ホンダ好きな私はVT250F、ヤマハ党の友人はRZ250RR。

動力性能はRZに敵わぬが乗り易さの利は我に有りと、互いにH・Y戦争、4スト2スト対決とばかりに仲良く戦い時間も気にせず楽しく一日走り回っていたのだが、急に降り出した雨に我に返ると時刻は遅く予定外に遠い場所に居る事に気付く。

 

最初は緊張感もなかったが雨量は増すばかり、山二つは越えねばならん場所で視界も悪くなる一方となれば流石にこりゃ不味いと帰りは高速道路を利用した。

 

当時は少々の雨なんて濡れるだけ、それより手ぶらが一番と雨具の用意は無くこの日も同様。 しかしこの時の雨は少々ではなかった。

 

 

ところで。

この頃の高速道路でも一般道より遥かに快適で安全な有難い存在ではあったが、今と比べると条件は悪い。 田舎の高速道路となれば尚更です。

 

今や大雨でも単車で走るのに不安無い水捌けで、路面が水でキラキラ光る様を目にする事は殆ど無くなり、前車が巻き上げる水飛沫も車間あければ気に成ら無い夢の様な高性能路面ですが、当時は雨が降ればギラギラと水面が光り至る所に道路を跨ぐ川が生まれ、見るからに恐怖煽る状況であったし、実際に2輪4輪共にハイドロプレーニングは何度と無く経験している。

更には道路灯が暗く少なく路面表示も削れ落ち、路肩の反射版も汚れて見えず、どこが道路で何処から路肩か判別し難い事が多かった。

大型貨物車両は我が物顔が浪漫とばかりに自由気ままに幅を利かせていた時代でもあり、雨降る夜の高速道路、特に大雨の夜は中々緊張あふれる世界でした。

 

 

そんな中を休む事無く走り続けたがガソリン補給は必要です、友人と給油ジェスチャーを交わしてSAに入ったが真っ先に売店建物へ向かう。

私のVT250Fは排気管消音器を友人から譲り受けたモリワキに変えただけのほぼノーマルで扱い易さや環境変化への柔軟性も保たれていたが、友人のRZはそこそこ手が入っていたので大雨の中では目に見えて調子をくずし友人の疲労は私とは比べ物にならなかった。

給油即再出発は厳しい雰囲気が滲む。

元々彼は短距離全力と休憩を繰り返す人間、私の様に低速で淡々と走るタイプでは無い。休憩が必要だ。

 

しかし深夜営業の食事処など無く既に閉店済み、薄暗い照明の建物が佇む様は肌寒さを際立たせる。

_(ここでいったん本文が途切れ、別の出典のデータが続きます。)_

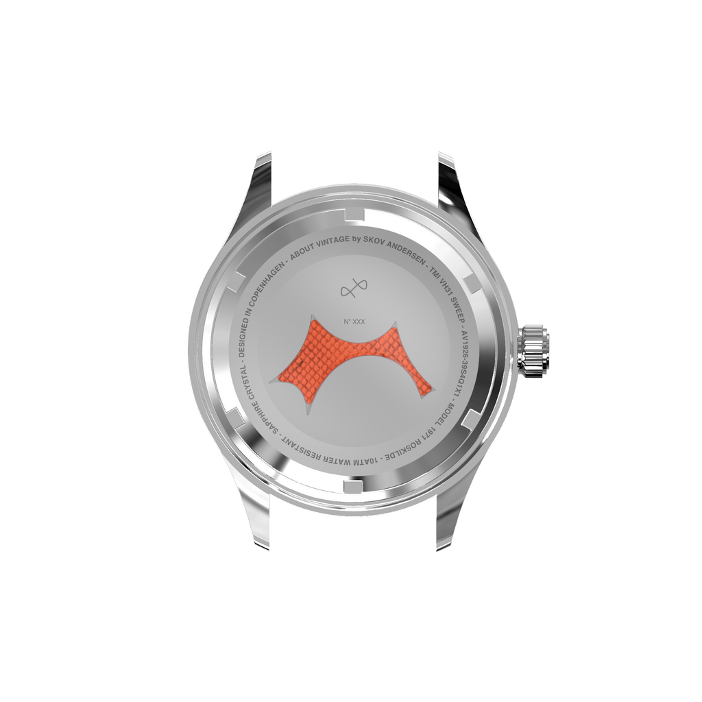 Uret er skabt ud fra stærke kvalitetsmaterialer, såsom ridsefrit safirglas og urkassen i 316L rustfrit stål. Dertil bærer designet præg af en høj detaljegrad - fra den orange dot på kransen til et stykke af den originale Orange Scene placeret i bagkassen.

そもそも金も無いので食べ物どころか自販機で飲み物を買うのも躊躇われる。

なにせ貧乏学生、現金の余裕など無く予定外の高速道路代も重くのし掛かる。

 

ATMは期待出来ずクレジットカードは所有してる筈も無く、電子マネーなんてものも無く、頼りは手持ちの現金のみ。 学生二人の寂しい現金を合計し、コレで何が出来るか、何処まで行けるかを考えねばならん状況では贅沢は出来ない。

 

高速代幾らやっけ?

ガス満で何処まで行ける?

省エネ走行で帰り着ける分だけ入れて。。。いや、この時間にガス欠くらったら其れこそアウト。

ガス満は絶対、高速代足りなきゃ正直に事情説明して何か手を考えよう。

 

会話が進む程に悲壮感が増す。

全身ずぶ濡れでヘルメット脱ぐのも躊躇われる程に身体の芯まで冷え、ガタガタと震えててはそりゃそうなるわな。

しかしここで大きな気づきが訪れる。

 

『自販機の近く暖かいぞ』

『抱き付け!自販機にくっ付くと温かい!』

 

人気も無い夜の自販機コーナー、誰に遠慮する事があろうか。

二人して自販機に縋り付く。

 

コレが本当に温かいのだ。

通常なら生暖かく成りつつある濡れた衣類など気持ち悪くて仕方ないものだが、この時ばかりは其れさえまるで温泉につかるが如き幸福感を味わえた。

 

この体験の日付は思い出せ無いが、暑がりの私が厚手の長袖を着て居たのだから冬か其れに近い頃だった筈、寒さに強い私でさえ下着も濡れる状況で高速道路を走れば身体が芯まで冷え震え出していたのだから、寒がりの友人は本当に辛かったろう。

 

 

どれ程経ったか、ぬるい温泉から出れないのに似て自販機の温もりから離れる踏ん切り付かぬ我々の前に突如その時は訪れる。

ソレは若いカップルと共に扉を開けてやって来た。

 

たじろぐカップル。

女性は腰がひけ、男性は警戒心を隠さぬ。

慌てて自販機前から離れつつ事情を説明する我ら。

自分達より幾分若いガキどもの見窄らしいくも情け無い話に緊張の薄れたカップルは、自販機で買い物を済ませる頃には笑顔を見せ、別れ際には気を付けてねの言葉とホット飲料を贈ってくれた。

 

身体の中に温かい物が入った事と、カップルさんの人情に気力を得て漸く建物を出る。

 

 

ガソリンスタンドまで移動し給油をすると、ここでも優しさに触れる。

 

スタンドの店主からしたら我々はまだまだ子供に見えたのだろうし、危なかしいアホガキどもに感じたんだろう。 その姿は何事かと尋ねられ、先程と同じ説明を繰り返す。

 

給油が終わると少し待てと新聞や雑誌を用意し、大きめのゴミ袋とハサミを渡される。

意図する事は我々も直ぐに察した。

コレを切って頭と両手が通せる穴を作れ、雨を少しでも防ぎ腹に雑誌を入れれば気休め程度には防寒になる、こんなもんしかないがとおっちゃんは言うのだが、その心遣いで気力も増すってもんです。

 

腹がたぽたほとトイレを借りた記憶も有るので、もしかしたら温かい飲み物も飲ませてくれたのかもしれない。

 

その後は人情のありがたみも気力の燃料に再び雨降る夜の高速道路を走りきり、幸い高速代も足りて無事に帰り着いた。

 

 

この経験から、似た様な事が有れば手助けと缶の一本でもと誓ってはいるのだが、幸いな事に未だ実現していない。

自販機の前で困ってる馬鹿なんてそうそう居ないらしく、良い事だ。

 

 

 

あの時の自販機の温もりは忘れられぬ経験であるのに、その後もいいおっさんになって尚幾度かやらかしてるのだから経験から学ばぶ賢さに欠けるらしい。